● **Extracted material**
☆ ☆ ☆ ☆ ☆ ☆ ☆

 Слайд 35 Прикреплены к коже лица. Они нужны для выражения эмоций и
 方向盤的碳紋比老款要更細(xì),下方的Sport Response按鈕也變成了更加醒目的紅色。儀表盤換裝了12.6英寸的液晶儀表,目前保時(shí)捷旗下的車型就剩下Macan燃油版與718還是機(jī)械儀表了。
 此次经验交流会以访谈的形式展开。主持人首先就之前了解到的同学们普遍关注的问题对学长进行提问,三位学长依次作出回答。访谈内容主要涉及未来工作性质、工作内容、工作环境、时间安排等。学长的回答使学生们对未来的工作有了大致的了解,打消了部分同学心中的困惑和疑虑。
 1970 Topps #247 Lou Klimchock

☆ ☆ ☆ ☆ ☆ ☆ ☆

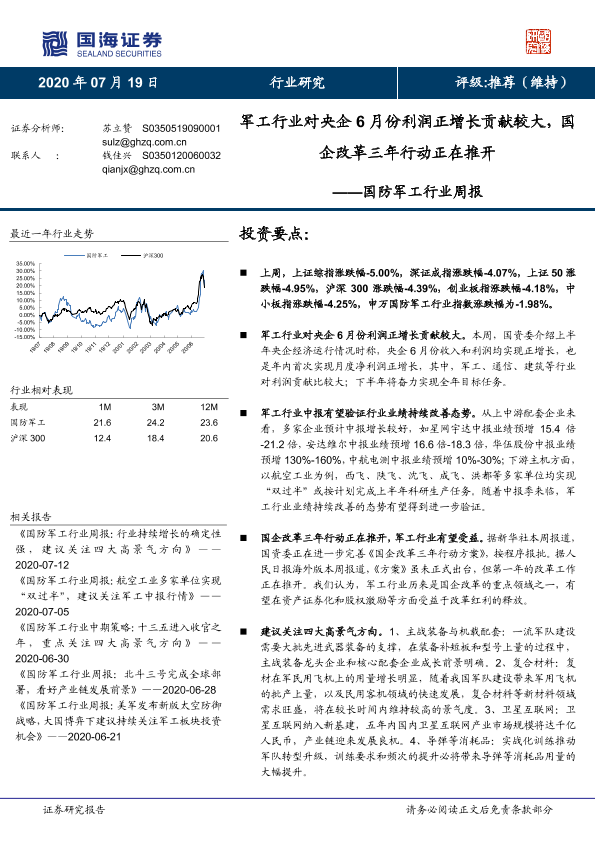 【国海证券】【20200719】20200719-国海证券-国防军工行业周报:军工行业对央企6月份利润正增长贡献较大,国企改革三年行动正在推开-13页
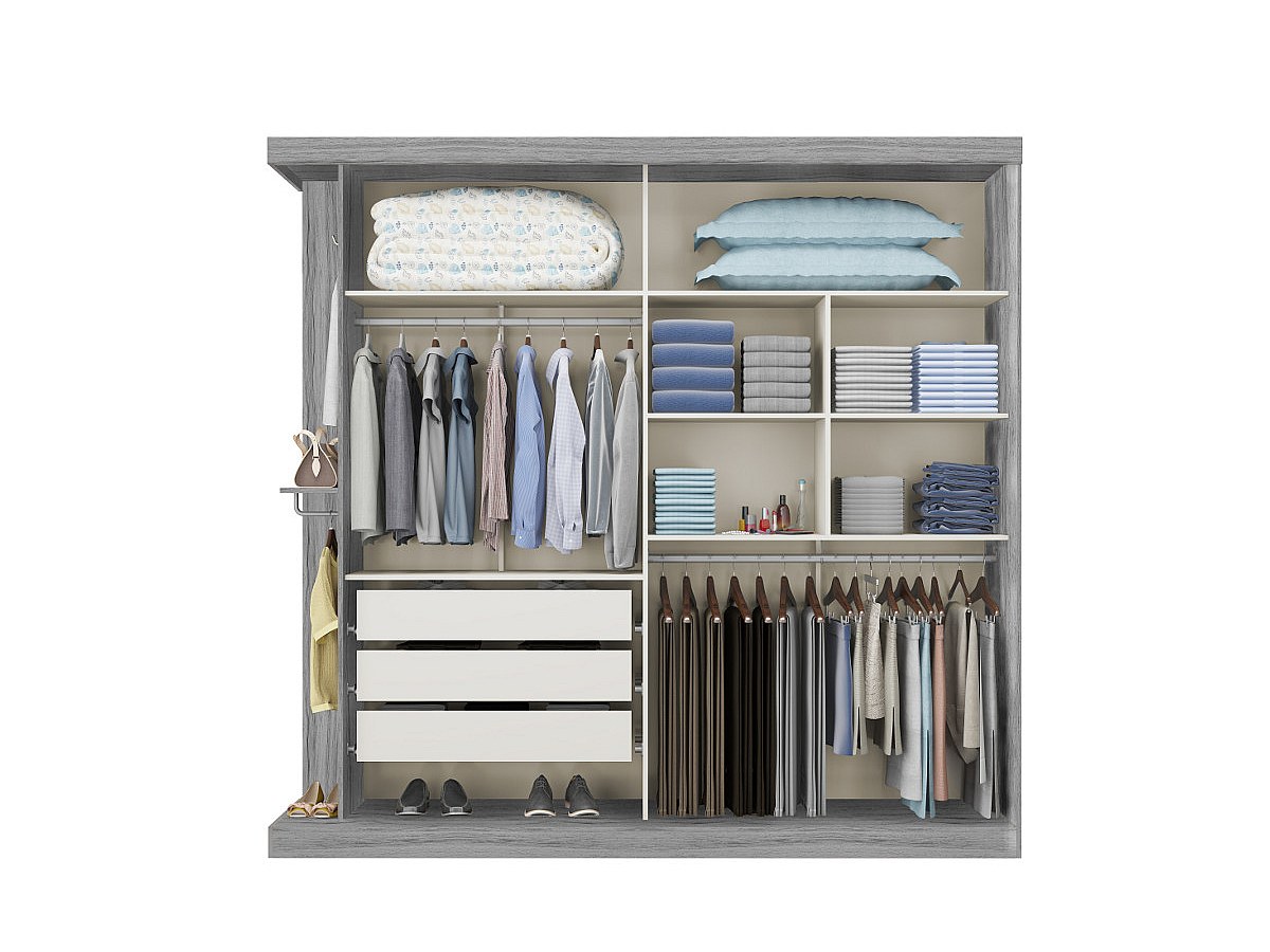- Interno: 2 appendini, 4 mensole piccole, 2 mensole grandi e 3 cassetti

☆ ☆ ☆ ☆ ☆ ☆ ☆

Using the entries above, repeat only the lines from the one containing "Слайд 35 Прикреплены" through the one containing "方向盤的碳紋比老款要更細(x", end lines included.

● **Solution to this problem**
 Слайд 35 Прикреплены к коже лица. Они нужны для выражения эмоций и
 方向盤的碳紋比老款要更細(xì),下方的Sport Response按鈕也變成了更加醒目的紅色。儀表盤換裝了12.6英寸的液晶儀表,目前保時(shí)捷旗下的車型就剩下Macan燃油版與718還是機(jī)械儀表了。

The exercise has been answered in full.